Why does reverberation make speech hard to understand in large empty halls?

In an empty hall, hard walls reflect sound multiple times. The reflected sounds overlap with the direct sound, blurring words together. Soft materials (curtains, carpets, audience) absorb sound energy and reduce reverberation — that’s why a crowded hall sounds different from an empty one.

What is the difference between echo and reverberation?

An echo is a distinct repetition of the original sound heard after a gap of at least 0.1 seconds (reflecting surface at least 17 m away). Reverberation is the persistence of sound due to multiple rapid reflections — the gap between reflections is less than 0.1 s, so the brain can’t separate them and the sound seems prolonged.

Why are ultrasound waves used in medical imaging instead of audible sound?

Ultrasound has very short wavelengths (since $\lambda = v/f$ and $f$ is very high). Short wavelengths allow detection of smaller structures inside the body. Audible sound waves are too long to resolve fine tissue details. Plus, ultrasound at diagnostic intensities is safe — it doesn’t ionize tissue like X-rays do.

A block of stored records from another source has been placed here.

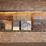 A memorial with remnants of the original structure is encased in an underground tunnel entrance to the buildings.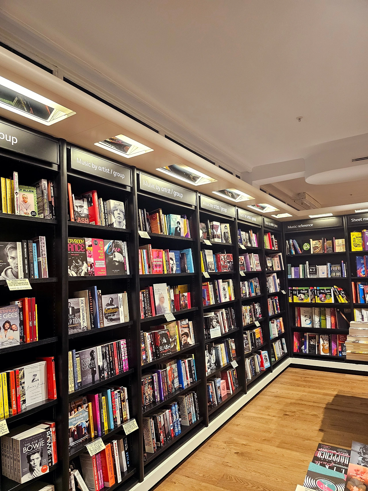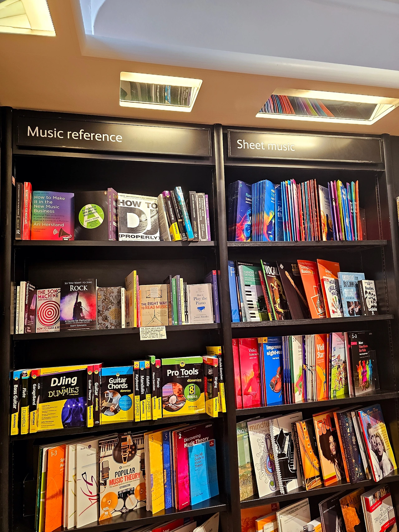 위 사진처럼 거긴 원래보다 음악 서적이 3배 이상 많아서 좋았다. 중학생 때부터 한국 교보문고를 가면, 실용음악 서적이 터무니없이 적게 느껴졌다. 음악 코너는 에세이 같은 코너와 다르게 매번 신간이 뭐가 나오는지 다 알 수 있을 정도였다. 그러니 저런 곳은 음악 책 천국 같았다. 영어는 전세계적으로 출판이 되니, 서적 수가 차원이 다르단 걸 느꼈다. 음악 기준으로 결코 비교 불가다. 아마 다른 분야보다 더 심하지 않을까. 작년에 음악 전문 출판사와도 미팅을 해보았지만, 한국은 '발성 잘하는 법', '화성학 독학하기'같은 이론 서적이 대부분일 뿐이다. 위 사진에 보면 책장에 'Music by artist / group'라고 되어 있는데, 한국은 음악가에 대해 깊이 있게 탐구한 책이라면 BTS 아니면 임영웅, 초대형 팬덤을 겨냥한 책 몇 권뿐이다.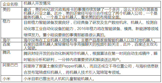 小伙伴們,咱們也別唏噓,且不看國際企業(yè),單看國內(nèi)有實力有資金的大企業(yè)也在紛紛介入機器人行業(yè)。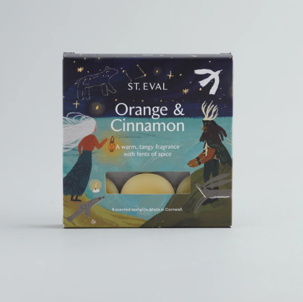 The scent of St.Eval’s Orange & Cinnamon tea lights are uplifting with aromatic festive fruits and spices. Warm and tangy with a hint of spice.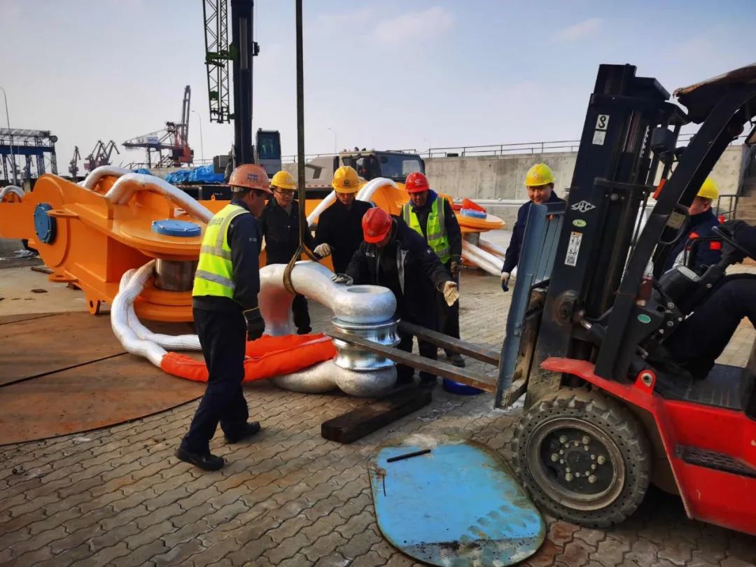 為確保防撞鋼套箱的順利吊裝,巨力索具項目團隊積極與青龍門大橋項目部對接交流,提供吊梁、卸扣、高強環形吊索等2400T鋼套箱吊具,克服作業環境帶來的難題,從專業角度配合完成吊裝。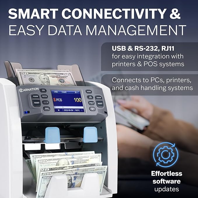 CARNATION Multi-Currency Bill Counter and Sorter with Counterfeit Detection - Money Counter Machine with MG, IR, MT, UV & CIS Image Recognition
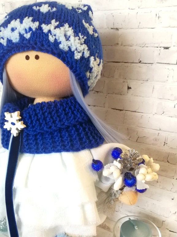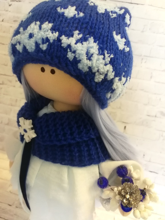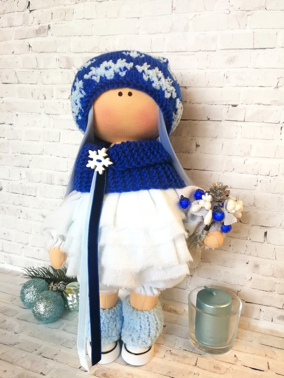 Нежная, снежная девочка получилась. Платье из тончайшего хлопка в 4 слоя воздушное, как облако. Небесно-голубого цвета :)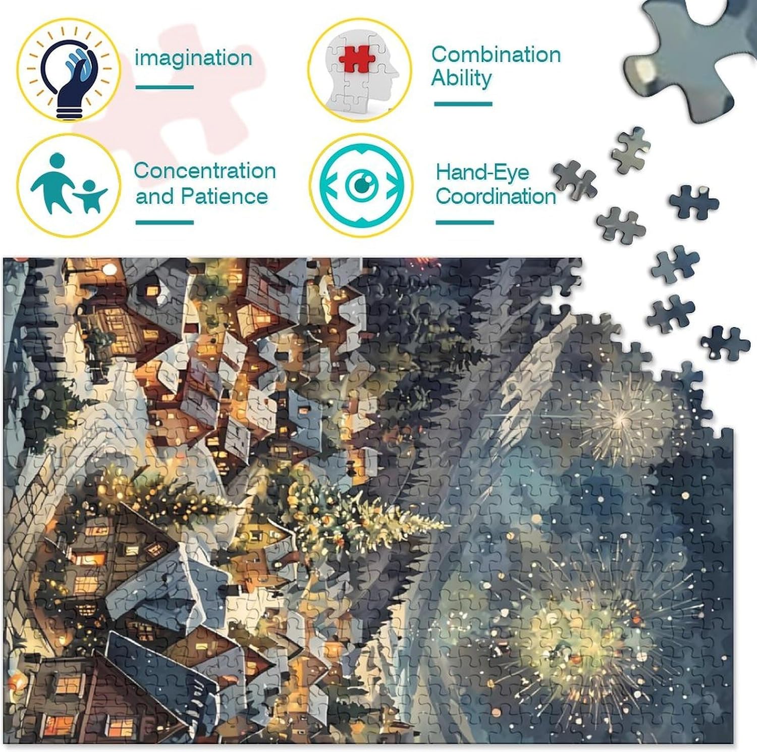 🌸GIOCHI PER ADULTI: una sfida emozionante da regalare a tutti li appassionati di puzzle e amanti dell'arte, ideale per uomo, donna o ragazzi; i puzzle aiutano a esercitare la memoria, migliorano la concentrazione e stimolano l'intuizione 🌸QUALITÀ PREMIUM: il massimo del divertimento con prodotti di altissima qualità in termini di materiali, motivi e design; realizzati in legno tagliati con fustelle fatte a mano, per un risultato impeccabile 🌸Buon regalo: il Christmas Eve puzzle finito misura 70x50cm/1000pcs una volta completato. I migliori regali per ragazzi e ragazze dai 14 anni in su per compleanni o festività (Natale, Halloween, Ringraziamento, ecc.) 🌸Concediti una piacevole pausa relax! La nostra linea di puzzle da Christmas 1000 pezzi è il regalo perfetto per chi ama ritagliarsi un momento di svago e di relax mettendo alla prova le proprie abilità logiche e di concentrazione 🌸I nostri Puzzle ti offrono un'ampia scelta d'immagini capace di soddisfare i gusti di tutti: grazie alla qualità dei materiali riciclati, la robustezza e resistenza dei singoli pezzi insieme alla brillantezza dei colori, ti garantiamo un risultato impeccabile e privo di riflessi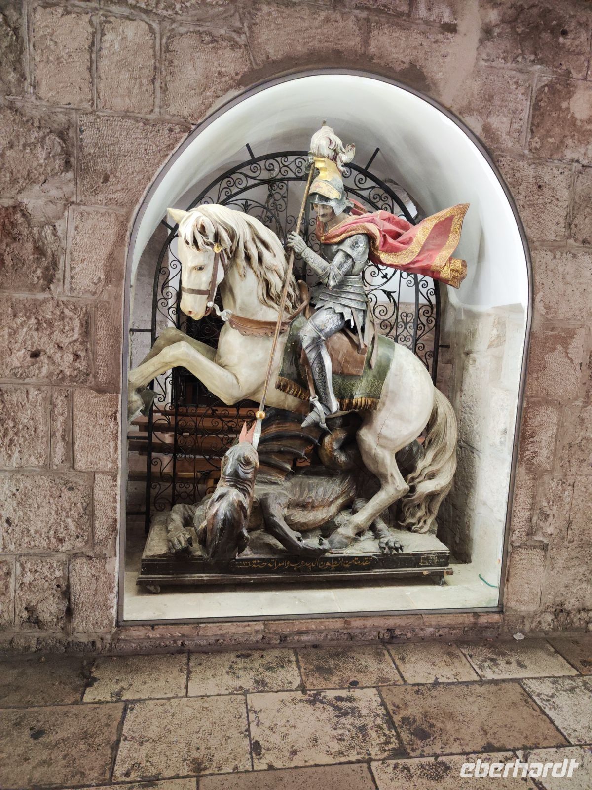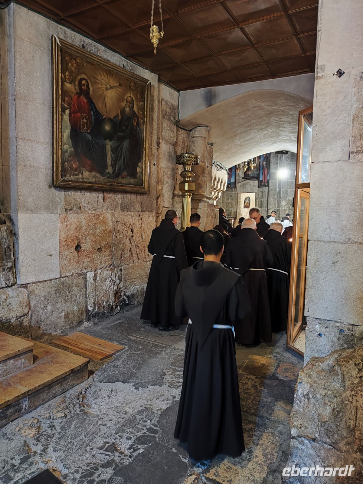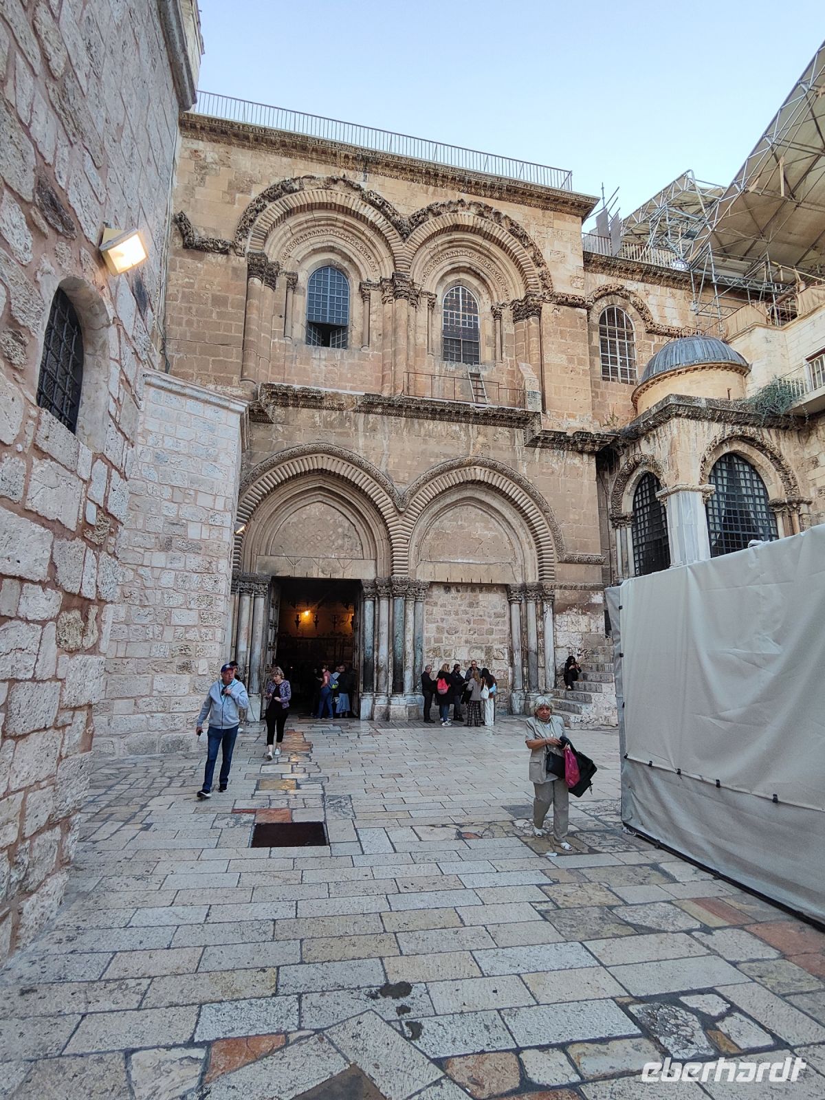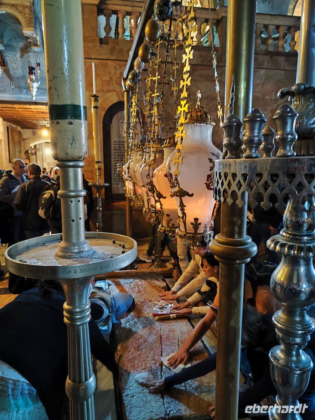 Ein neuer Tag, ein neuer Kontinent. Heute legte unser Schiff in Asien, genauer in Aschdod in Israel an. Nach dem Frühstück begann unser Tagesausflug mit dem Ziel Bethlehem. Und israelische Guide erwartete uns bereits und führte uns bis zum Grenzposten nach Palästina. Wir fuhren an den Grenzposten vorbei erreichen schließlich das Westjordanland. Direkt hinter dem Grenzposten erwartete uns bereits unser palästinensischer Reiseleiter. Zunächst legen noch eine Mittagspause ein und stärkten uns bei unseren freundlichen Gastgebern. Nun ging es endgültig in Richtung Stadtzentrum von Bethlehem. Hier verließen wir mit unseren Audioguides den Bus und spazieren gemeinsam zur Geburtskirche. Wie wir aus der Weihnachtsgeschichte erfahren haben, soll laut der Überlieferung nach Jesus in Bethlehem im Stall geboren worden sein. Zu dieser Zeit war kein Platz in den Herbergen frei und Maria und Josef brachten ihren Sohn Jesus in einem Stall zur Welt. An dieser Stelle befindet sich heutzutage die Geburtskirche. Bereits beim gebückten Eintritt durch die niedrige Demutspforte verneigten wir uns symbolisch vor Jesus und Maria. Im Inneren der Basilika erspähten wir eine endlose Warteschlange zum Einlass in die Geburtsgrotte. Unser örtlicher Reiseleiter zeigte uns deshalb eine identische kleine Grotte, die in der gleichen Tiefe liegen soll. Im Anschluss konnten wir noch den gut erhaltenen und restaurierten Kreuzgang bestaunen. Nach einem kurzen weiteren Halt im Laden mit den Olivenholz-Schnitzereien, sammelten wir unseren Reiseleiter wieder ein und fuhren zurück nach Jerusalem. Hier verließen wir wieder den Bus und spazierten zur Grabkirche von Jesus Christus. An dem Ort, an dem sich nach christlichem Glauben die Kreuzigung Jesus stattgefunden haben und damit auch seine Grablegung und seine Auferstehung. Die Kirche wurden der heutigen Form durch die Kreuzfahrer im 12. Jahrhundert errichte und wir können auch der Berg Golgota entdecken, wo das Kreuz von Jesus Christus gestanden haben soll. Auch das Grab Jeus befindet sich in der Grabkirche. Danach ging es weiter auf der Via Dolorosa, dem Kreuzweg oder die sogenannte "Straße der Schmerzen" mit den 14 Kreuzwegstationen, welche Jesus sein Kreuz von der Verurteilung zur Hinrichtung auf dem Hügel Golgota schleppen musste. Nach der 5. Station verließen wir den Kreuzweg und spazierten zur Klagemauer - der heiligsten Stätte der Juden. Nach einem kurzen Aufenthalt hieß es Abschied von der schönen Stadt Jerusalem nehmen. Ein letztes Foto vom beleuchteten Felsendom und dann schlenderten wir zurück zum Bus, der uns zu unserem schwimmenden Hotel bringen sollte.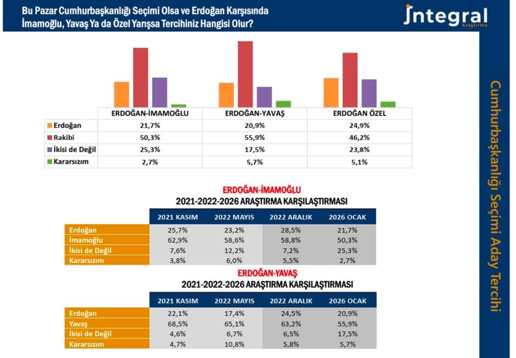 İntegral Araştırma son 4 yıl boyunca yaptığı araştırmalarla karşılaştırıldığında Erdoğan ile CHP’nin olası adayları senaryoları için en kritik bulgunun “İkisi de değil, Kararsızım” seçeneklerindeki artış olduğunu açıkladı. Bu artışın hem iktidar hem muhalefet cephesindeki yorgunluk kadar seçmenin yeni yol, yeni aday arayışı ve de özellikle İstanbul merkezli yürütülen soruşturmalarla açıklanabileceği vurgulandı.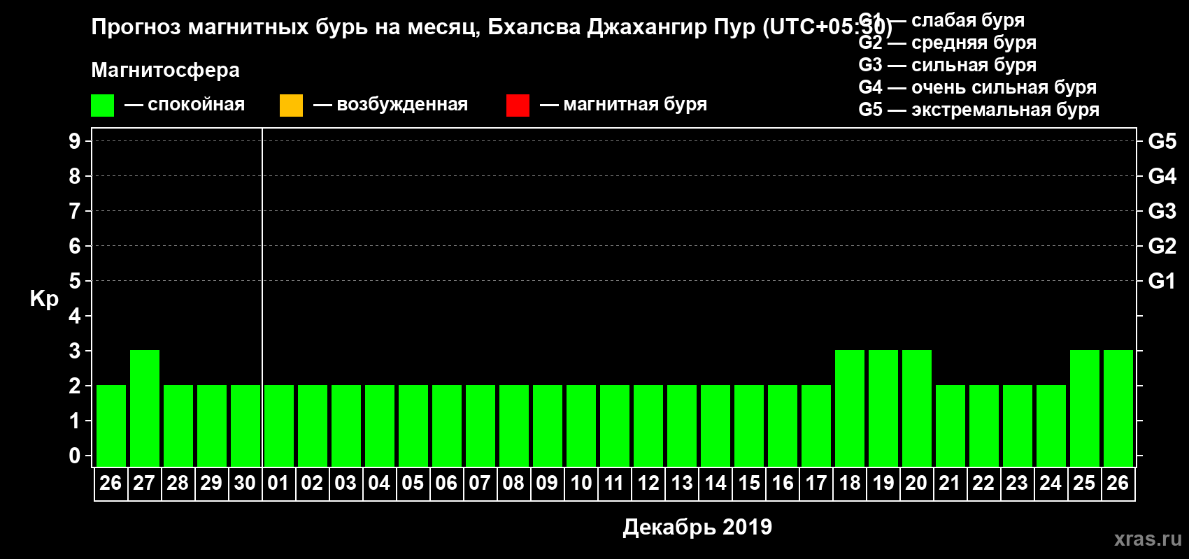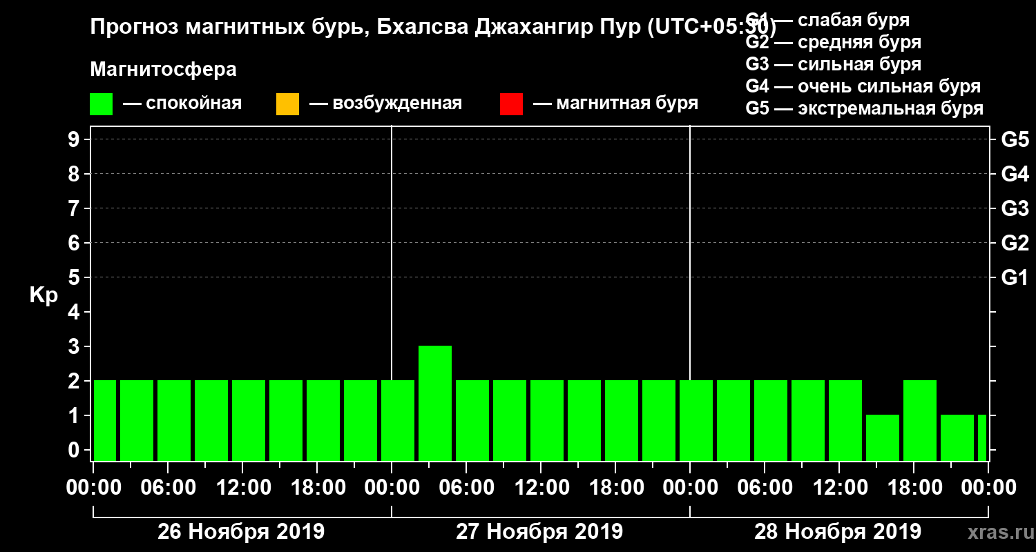 Прогноз магнитных бурь в Бхалсва Джахангир Пуре — 26 ноября 2019 года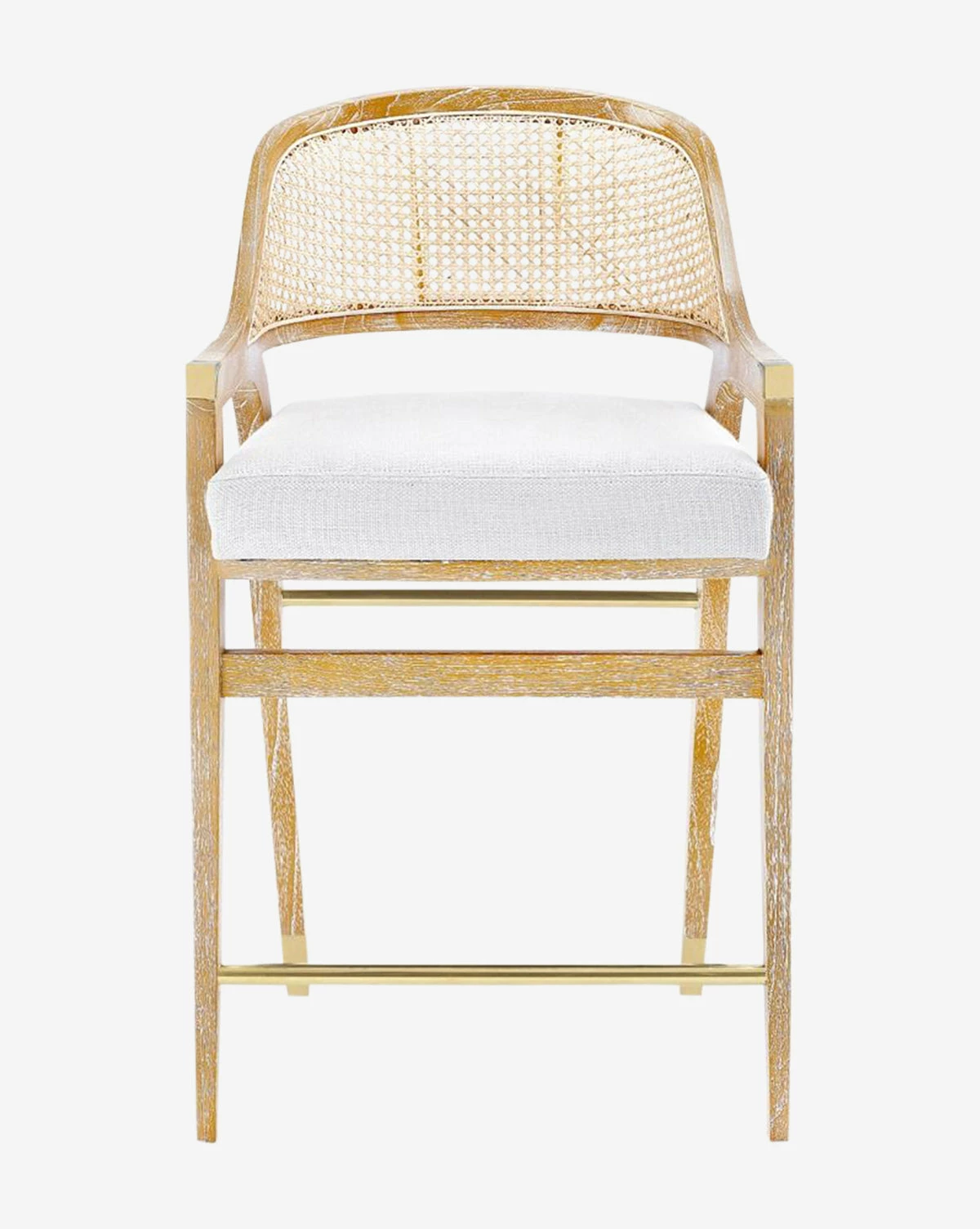 Borrowing from classical design, the Jensen Counter Stool reimagines the classics from a modern perspective. With a frame of solid Cape Lilac Mahogany and a hand-woven cane back, the chair is finished with hand-cast bronze sabots and arm caps.
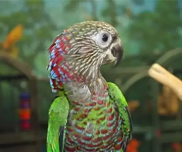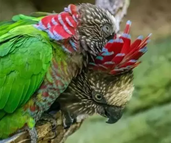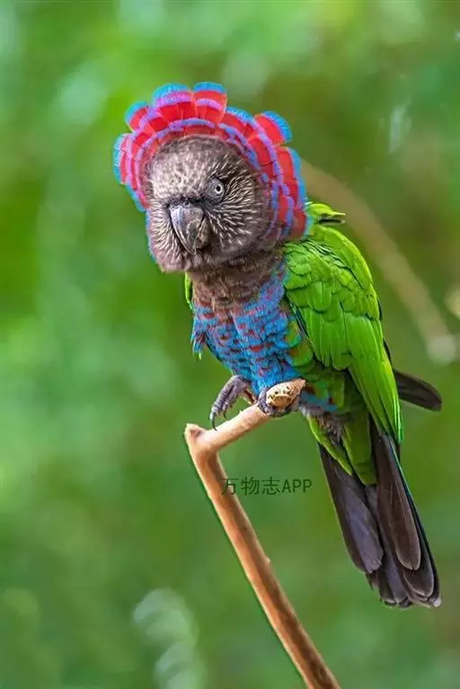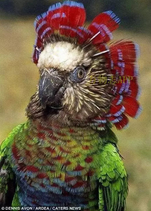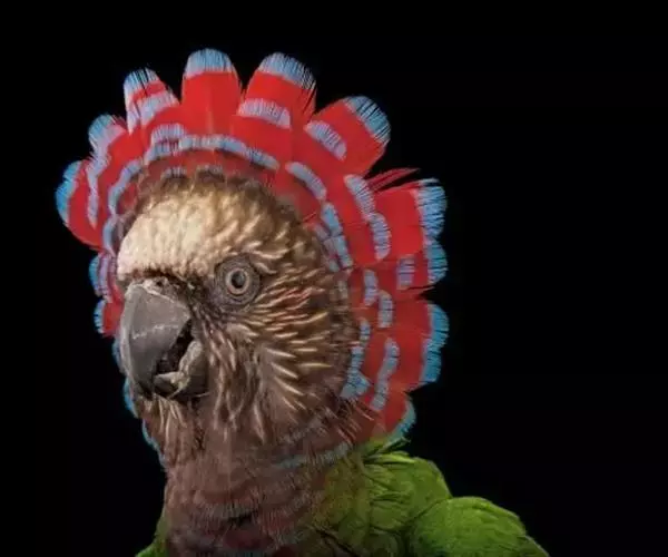是唯一会把整个颈部以上的羽冠如伞蜥蜴般扩展开的鹦鹉,看起来很像印地安人的羽冠,头部与胸腹部羽色鲜艳美丽,神情起来份外像老鹰,极为特别。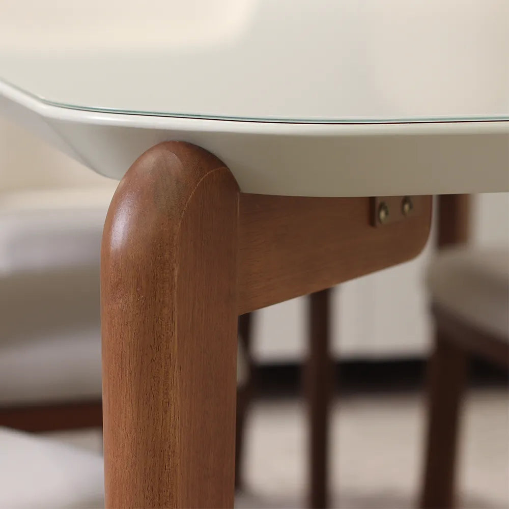 Pés usinados em madeira maciça com acabamento em pintura PU de alta resistência e sapatas de proteção.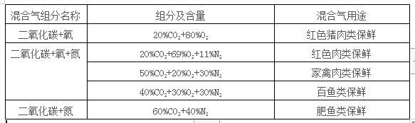 以下是肉類(lèi)常用混合氣:

Does the pitch of a train’s horn change as it approaches you?

Yes — this is the Doppler effect (covered in Class 11 Physics). As the train approaches, the sound waves bunch up, increasing the frequency you perceive — so the pitch sounds higher. As it moves away, waves spread out and the pitch drops. You’ve definitely heard this; now you know why.